• [Supplied material]
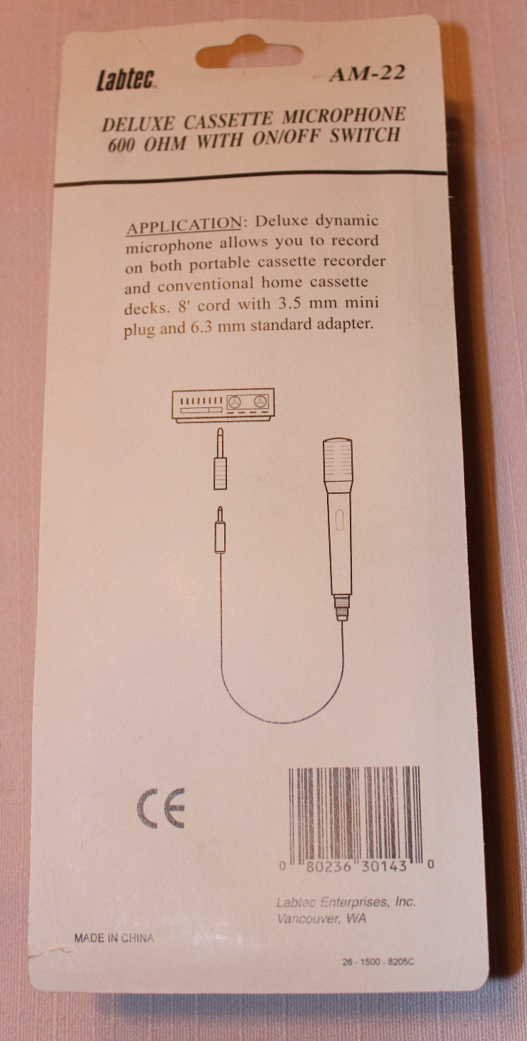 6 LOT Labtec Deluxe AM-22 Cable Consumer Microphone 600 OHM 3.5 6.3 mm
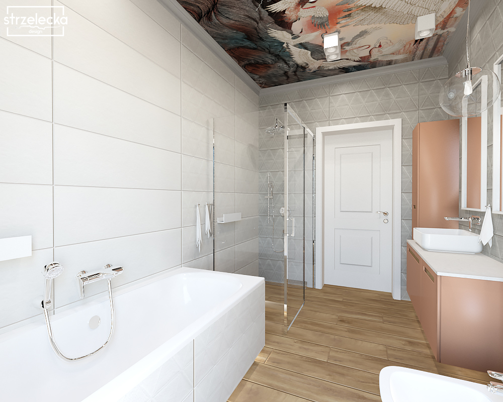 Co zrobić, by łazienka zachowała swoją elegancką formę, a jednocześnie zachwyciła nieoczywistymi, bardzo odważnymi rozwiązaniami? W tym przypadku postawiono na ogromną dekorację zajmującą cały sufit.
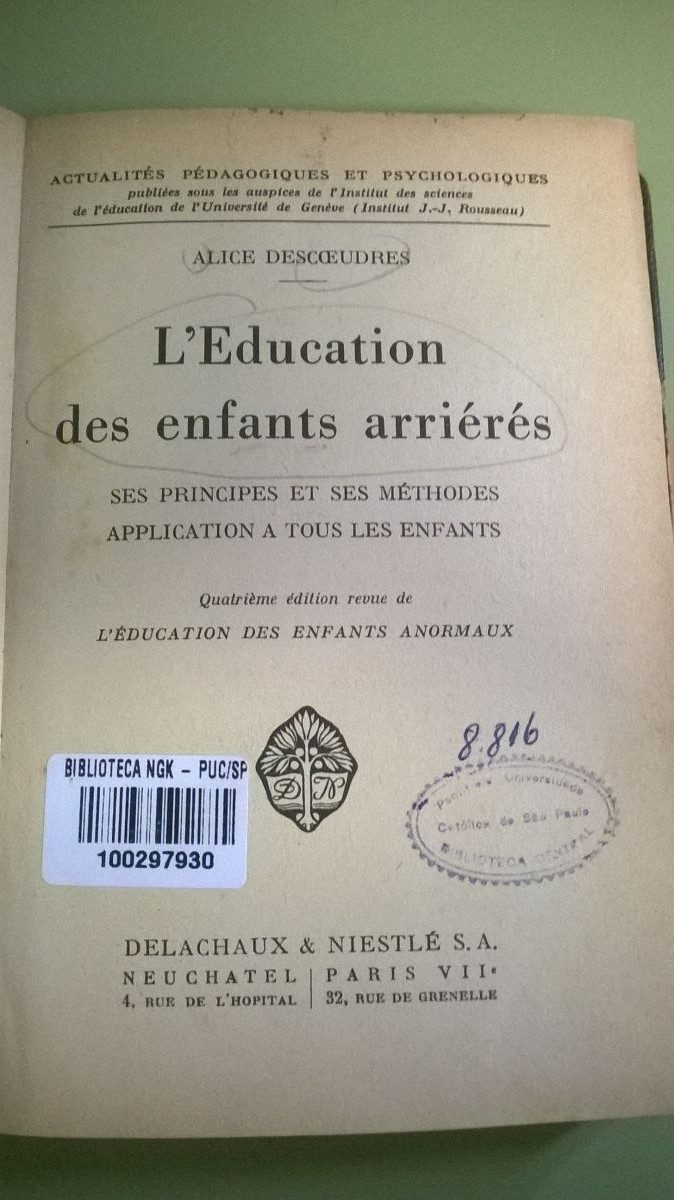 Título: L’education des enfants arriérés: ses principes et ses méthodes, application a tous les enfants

• [The task]
Write out again, word for word, the lines from the one holding "Co zrobić, by" through the final line of the listing, including both ends but no pictures.

• [Written answer]
 Co zrobić, by łazienka zachowała swoją elegancką formę, a jednocześnie zachwyciła nieoczywistymi, bardzo odważnymi rozwiązaniami? W tym przypadku postawiono na ogromną dekorację zajmującą cały sufit.
 Título: L’education des enfants arriérés: ses principes et ses méthodes, application a tous les enfants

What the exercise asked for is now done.